2026/01/17
Thini-AI Voice Agent

Like

0

Bookmark

0

Forward

タロウ
タロウ

日本 北海道 札幌市

タロウ

日本 北海道 札幌市

System Architecture

Think-AI's Voice Agent API

Overview

This project provides a serverless API suite for LLM processing, Translation, Text-to-Speech (TTS), and Speech-to-Text (STT) services. It runs on AWS Lambda using a containerized Node.js environment and is exposed via AWS HTTP API Gateway.

1. API Specification

Base URL: https://api.60-think.com (or your API Gateway URL)
Authentication: API Key via Header x-api-key

Authentication

All requests must include the x-api-key header.

-H "x-api-key: <YOUR_CLIENT_API_KEY>"

Endpoints

POST /llm

Process text using various LLM providers (Google Gemini, DeepSeek).

  • Request:
    {
      "task": "expand", // Optional: "expand", "headline"
      "prompt": "Explain Quantum Computing",
      "provider": "gemini", // "gemini", "deepseek", "openai"
      "model": "gemini-2.5-flash",
      "userId": "1" // For usage logging
    }
    
  • Response:
    {
      "result": "Quantum computing uses quantum bits...",
      "provider": "gemini",
      "model": "gemini-2.5-flash"
    }
    
  • Curl Example:
    curl -X POST https://api.60-think.com/llm \
      -H "Content-Type: application/json" \
      -H "x-api-key: YOUR_KEY" \
      -d '{"prompt":"Hello", "provider":"gemini", "userId":"1"}'
    

POST /translate

Translate text using AWS Translate.

  • Request:
    {
      "text": "Hello, world",
      "targetLang": "es", // ISO code (ja, es, fr...)
      "userId": "1"
    }
    
  • Response:
    {
      "translated": "Hola, mundo"
    }
    

POST /tts

Convert text to speech using AWS Polly.

  • Request:
    {
      "text": "Hello world",
      "voice": "Joanna", // Optional
      "userId": "1"
    }
    
  • Response:
    {
      "url": "https://s3.ap-northeast-1.amazonaws.com/your-audio-bucket/tts-....mp3"
    }
    

POST /stt/file

Transcribe audio files using AWS Transcribe.

  • Request:
    {
      "fileUrl": "https://example.com/audio.mp3",
      "language": "en-US", // Optional, default en-US
      "userId": "1"
    }
    
  • Response:
    {
      "message": "Job Completed",
      "jobName": "stt-manual-170...",
      "transcript": "Hello world from audio..."
    }
    

POST /stt/auth

Get temporary AWS credentials for real-time streaming transcription (e.g. from frontend).

  • Request:
    {
      "userId": "1"
    }
    
  • Response:
    {
      "accessKeyId": "ASIA...",
      "secretAccessKey": "...",
      "sessionToken": "...",
      "region": "ap-northeast-1"
    }
    

2. Deployment

Prerequisites

  • AWS CLI configured
  • Docker installed
  • .env.production file populated

Step 1: Deploy Lambdas (Infrastructure)

Run the setup script to create ECR repos, IAM roles, build the Docker image, and create/update Lambda functions.

./scripts/setup.sh

Step 2: Deploy API Gateway

Run the deploy API script to create or update the HTTP API, routes, integrations, and Authorizer.

./scripts/deploy-api.sh

Step 3: VPC Attachment (Optional/Security)

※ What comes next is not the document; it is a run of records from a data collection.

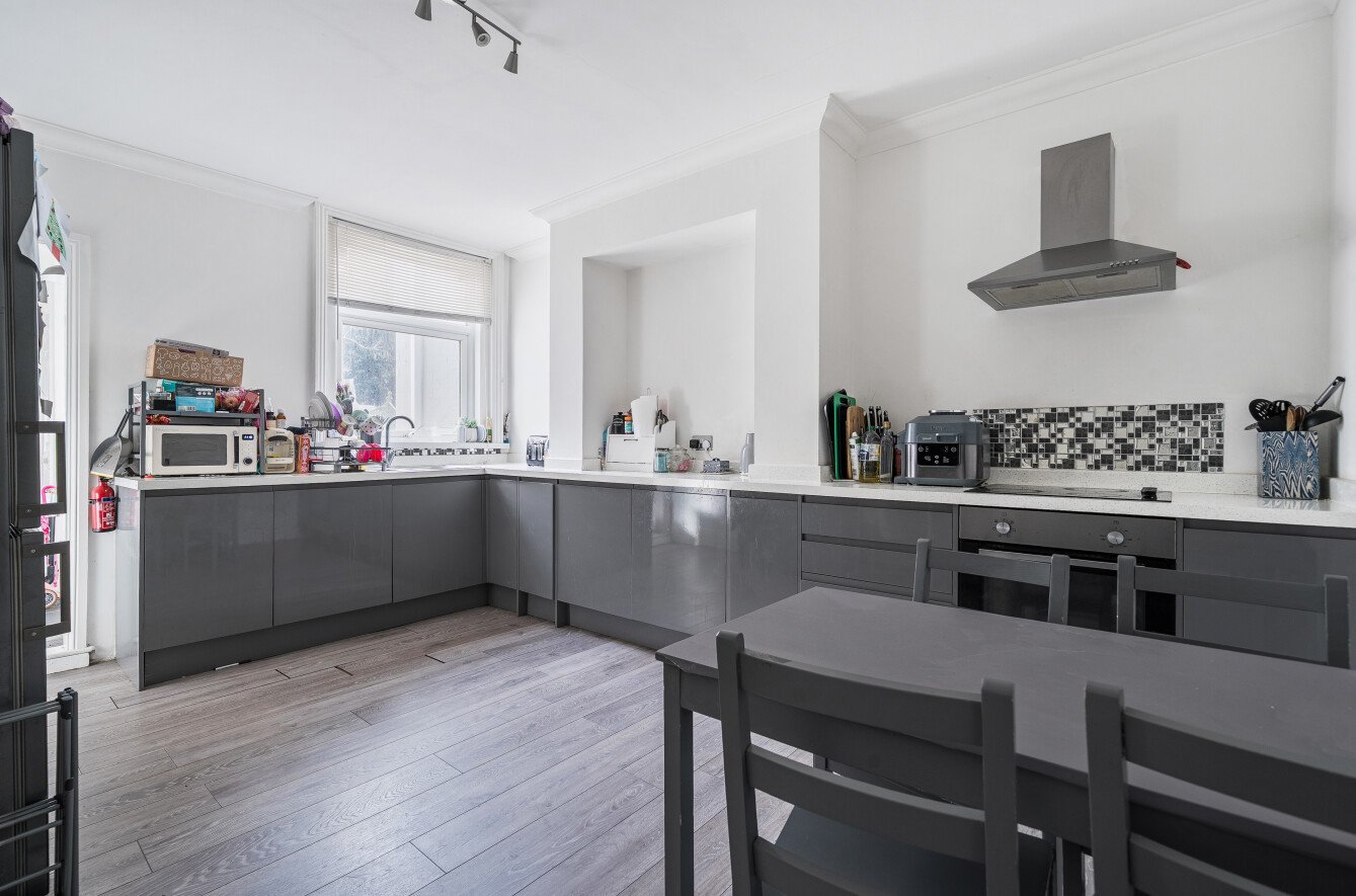 Accessed via its own private entrance, the property opens directly into a large and welcoming kitchen/dining room, creating an impressive first impression. Offering ample storage and generous worktop space, this sociable area is perfectly suited to everyday living as well as entertaining.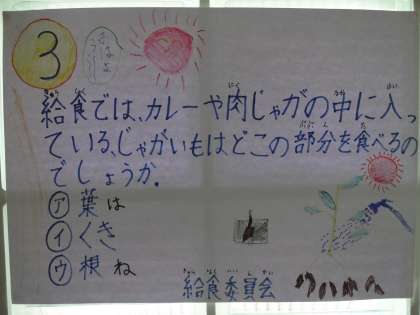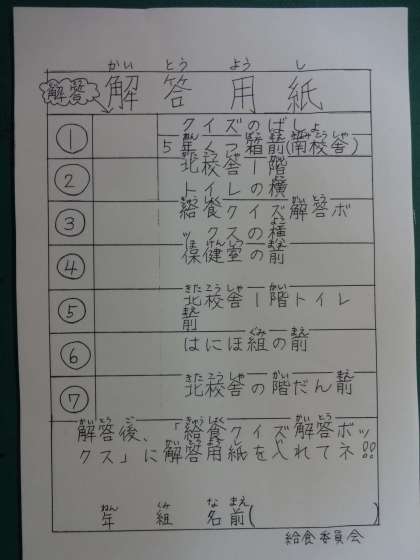 26日からの給食週間に先だって、給食委員会が「給食クイズラリー」を企画してくれました。校内各所にクイズの紙を掲示しています。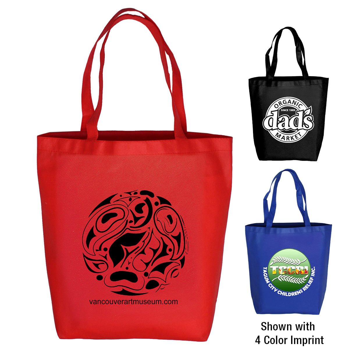 This economical, yet sturdy 80GSM Non-woven Polypropylene Grocery and Shopping Tote bag is recyclable and reusable. Extra comfortable cross-stitched 20” handle straps for added strength.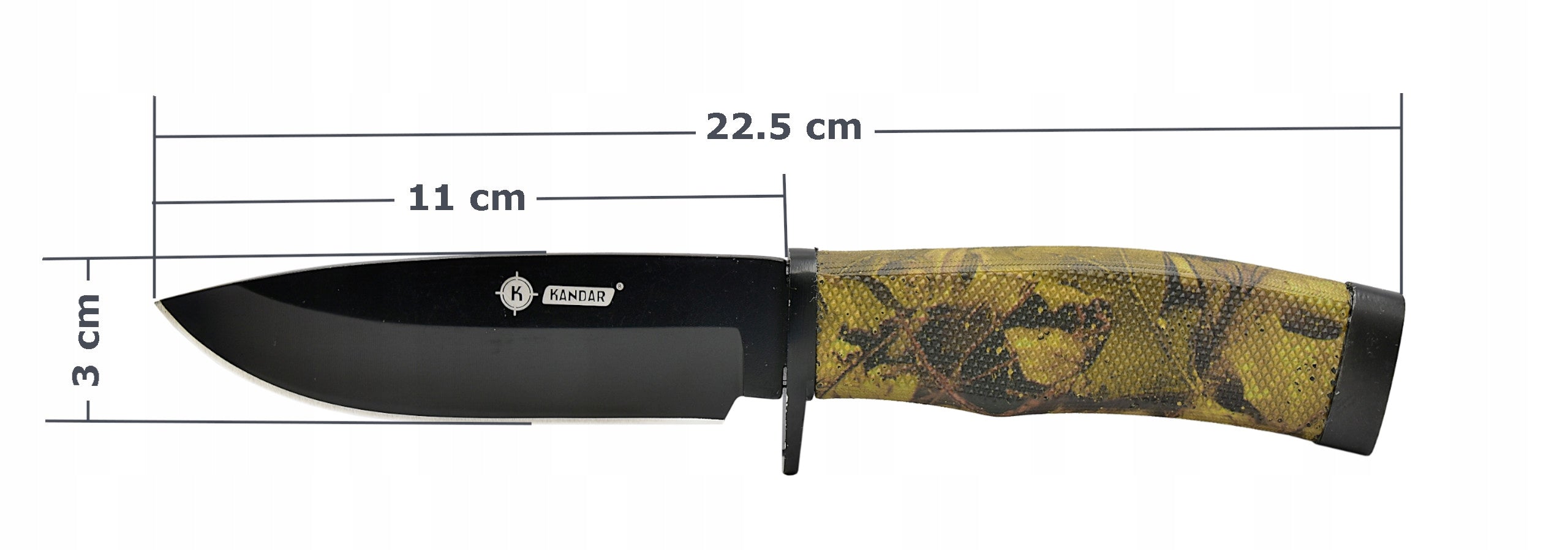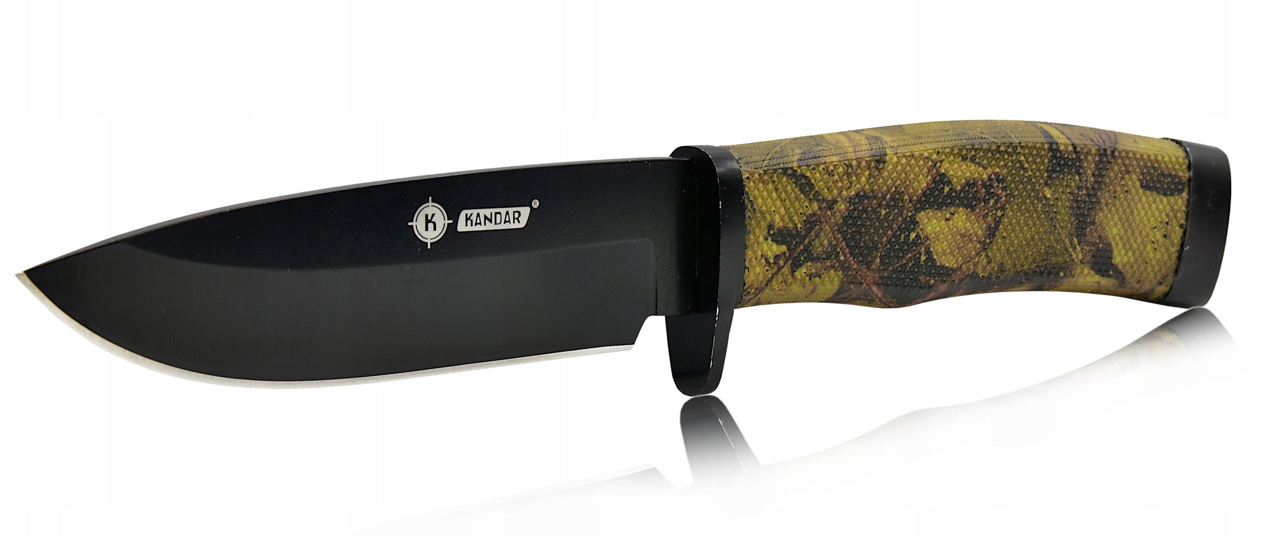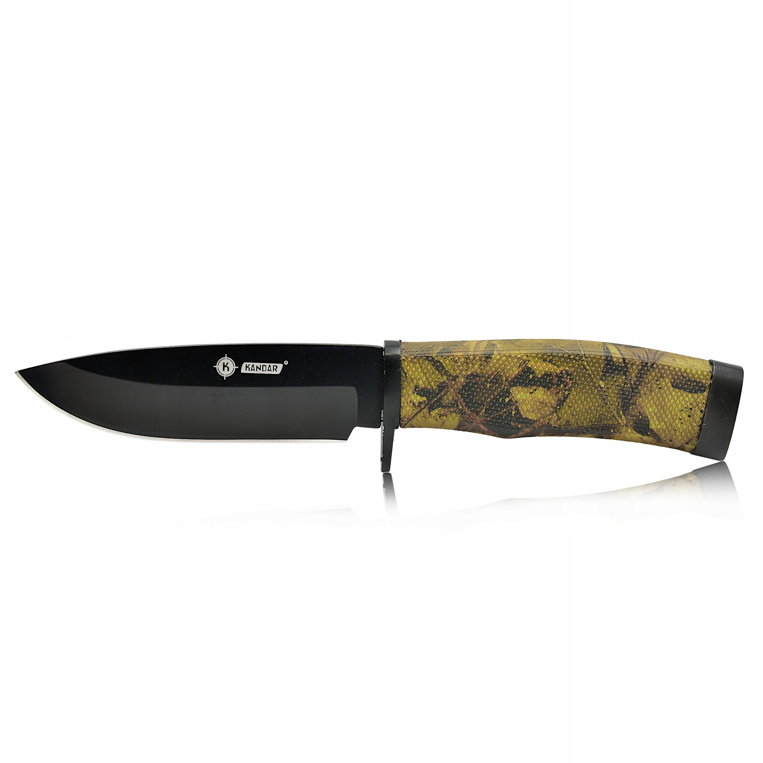 KANDAR N-394 pasižymi tvirta, fiksuota ašmenų konstrukcija (hidden tang), kuri garantuoja maksimalų patvarumą ir ilgaamžiškumą net ir intensyviai naudojant. Ašmenys, pagaminti iš aukštos kokybės plieno, turi klasikinį „drop point“ profilį, kuris užtikrina puikias pjovimo savybes ir tvirtą, patikimą galiuką darbams, reikalaujantiems didesnio tikslumo. Ašmenų nugara švelniai leidžiasi link smailės, o rankena pagaminta iš specialios, neslidžios sintetinės medžiagos, užtikrinančios tvirtą ir saugų sukibimą net su šlapiomis ar prakaituotomis rankomis. Peilio geležtė papuošta subtiliu graviravimu, suteikiančiu jam išskirtinumo. Tvirta atramėlė (jelec) papildomai apsaugo ranką nuo paslydimo ant ašmenų.

To attach Lambdas to the VPC (for internal logging privacy):

  • Warning: Requires NAT Gateway for external API access (LLM/Translate).
  • Run: ./scripts/attach-vpc.sh

Step 4: Update Configuration

To update environment variables without full redeployment:

./scripts/update-config.sh

3. Configuration & Environment Variables

Create a .env.production file with the following keys:

Variable Description
AWS_REGION AWS Region (default: ap-northeast-1)
CLIENT_API_KEY Secret key clients must use in x-api-key header
GEMINI_API_KEY API Key for Google Gemini
DEEPSEEK_API_KEY API Key for DeepSeek
AUDIO_BUCKET S3 bucket for TTS audio files
TRANSCRIPTS_BUCKET S3 bucket for STT files
GHOST_USAGE_API_URL URL for Ghost CMS Usage Logging
GHOST_ADMIN_API_KEY Ghost Admin Key for logging auth

Notes

  • Security: The API uses a custom Lambda Authorizer (ai-authorizer) that validates the x-api-key header.
  • Logging: Usage stats are logged to Ghost CMS. If VPC is enabled, verify internal connectivity.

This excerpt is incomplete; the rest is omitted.